Scoring Methodology

This page provides a detailed technical description of the AI scoring pipeline for acne severity assessment. It covers the detection model, density computation, IGA formula derivation, multi-perspective scoring, overlap handling, and reproducibility characteristics.

Inflammatory lesion detection

Object detection model

The lesion detection stage uses a convolutional neural network (CNN) trained for object detection on facial acne images. The model identifies individual inflammatory acne lesions (specifically papules, pustules, and nodules) and outputs bounding boxes with confidence scores for each detection.

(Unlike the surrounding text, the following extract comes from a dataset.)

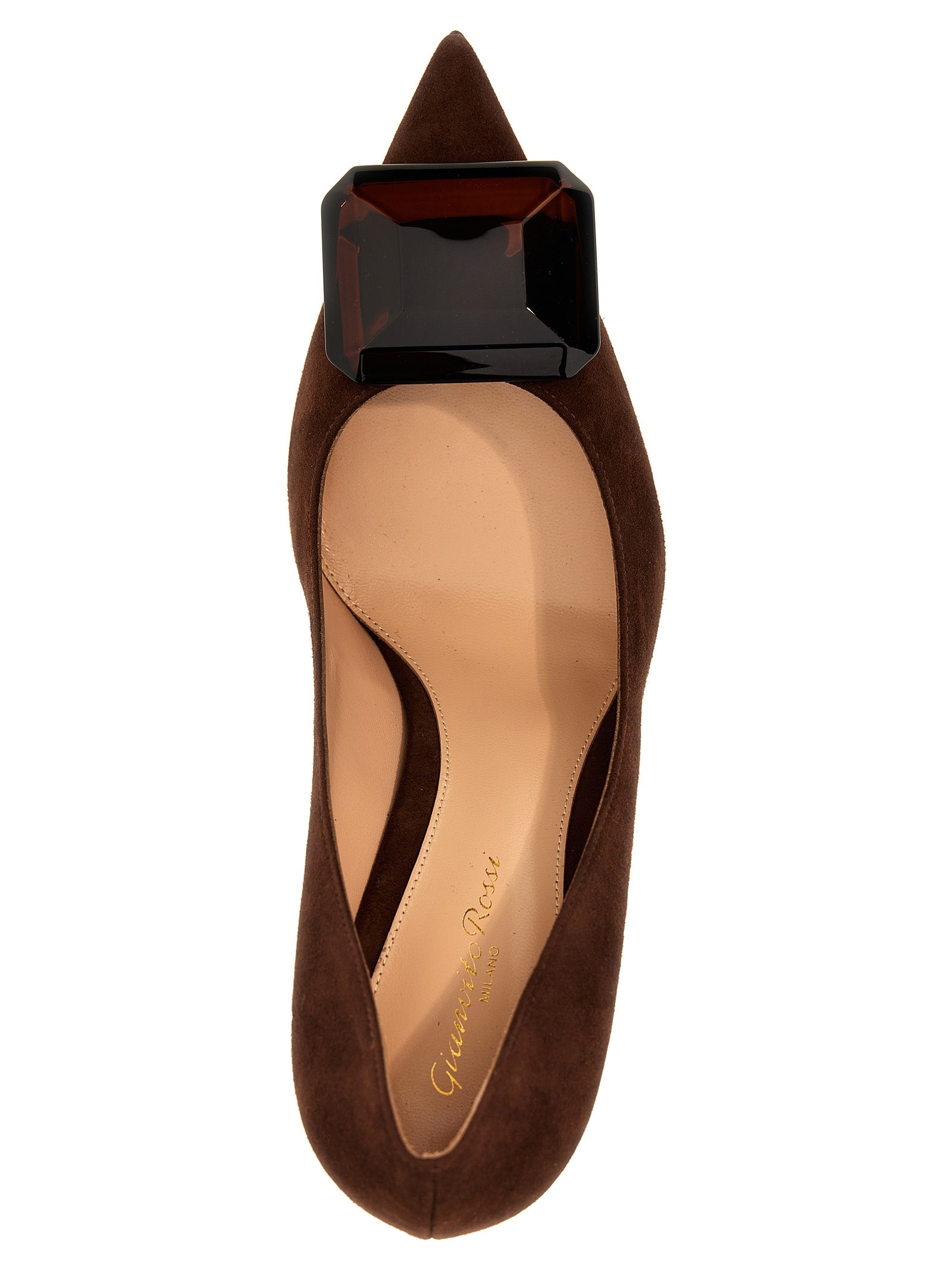 'Jaipur' suede pumps with maxi charm on the front.

Comedones (blackheads and whiteheads) are excluded from the count. This is consistent with:

IGA methodology, which assesses inflammatory severity
FDA guidance, which recommends that "inflammatory and noninflammatory lesions should be counted and reported separately"
The Hayashi Criterion (Hayashi et al., 2008), which grades acne severity based on the number of inflammatory eruptions per half-face

AI-detected inflammatory acne lesions with confidence scores — Lesion detection: bounding boxes identify each inflammatory acne lesion. The total count N is the number of detections.

Training data

The model was trained on a dataset of facial acne images annotated by board-certified dermatologists. Each annotation consists of a bounding box around an individual inflammatory lesion with its type classification.

Confidence thresholding

Each detection includes a confidence score. Detections below a calibrated confidence threshold are discarded. The threshold was tuned to balance sensitivity (not missing real lesions) against specificity (not counting artifacts or non-lesion structures). The threshold is fixed at inference time and applies identically across all images and sites.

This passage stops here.